Обменщица приоткрыла пунцовый рот и перестала дышать.
Охранник был держан за руки. Шурка симулировал ниже окошка передергивание невидимого затвора:
– Спокойно, милочка, к тебе претензий нет. Отвори потихоньку калитку – быстро, быстро, ну!
Спрятаться в ее кабинке было решительно некуда, спорить не представлялось возможным. Сменив презрение на отчаянную любовь и суетясь белым лицом, она открыла замок и только тогда возобновила работу дыхательных мышц – первый вдох получился с подвывом.
– Умонька, – похвалил Шурка, втискиваясь в этот пенал и тесня крутой бок, не помещавшийся между стулом и кассовым аппаратом. – А теперь выдвинь ящичек. Не прячьте ваши денежки по банкам и углам! Сколько у тебя?
В ящичке нашлось две тысячи семьсот пятьдесят долларов довольно новыми бумажками и восемнадцать тысяч рублей: копейки не в счет.
– Шарфик. Поясок, – руководил Шурка тихим легким голосом: один человек в нем был отрешенно спокоен, а второй со стороны отмечал замедленную слаженность всех действий, получавшихся в результате удивительно быстрыми. – Ремешок… Платочек!
Еще через полминуты охранник и дама сидели примотанными к стульям, с аккуратно заткнутыми ртами.
– Ключик от двери где? А табличка «Закрыто»? Ага. Телефончик оборвем… У вас мобильника нет, браток?.. бедно живете, что же так. И сидеть тихо, ну очень, очень тихо!! час не двигаться!!
Операция заняла три минуты от силы.
«Бонни и Клайд, – подумал Шурка: мыслительный процесс летел и прыгал, как слалом. – Золотое дно. Это не милостыню собирать».

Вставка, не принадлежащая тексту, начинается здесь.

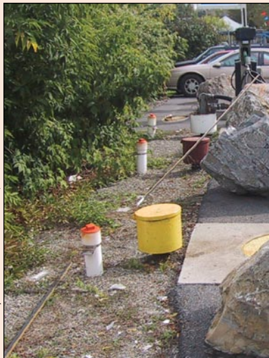
Above-grade spill buckets.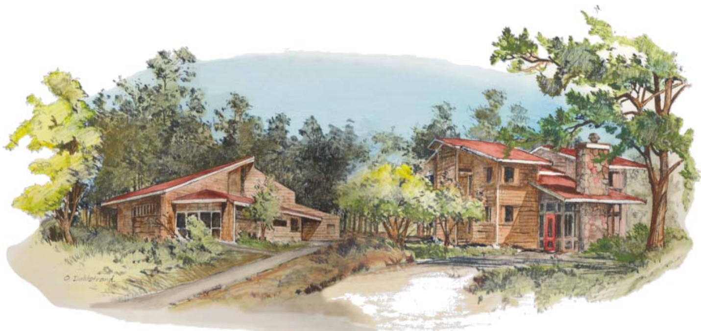
William Penn Mott Jr. Training Center

Выйдя, провернули ключ и нацепили табличку. О-па – все!
Пенсионерки все обсуждали свои горестные дела, явно смирившись с ситуацией, изменить которую были не в силах: так хоть пожаловаться.
– Внимание! – объявил Шурка. – Строимся в очередь. Шефская помощь от Балтийского флота! Каждый получивший немедленно покидает это место и идет домой. Вопросы потом! Бабка – держи.
И сунул зеленый стольник ей в лапку:
– Пра-хади! Следующий! Эй, позови там по-тихому народ изнутри!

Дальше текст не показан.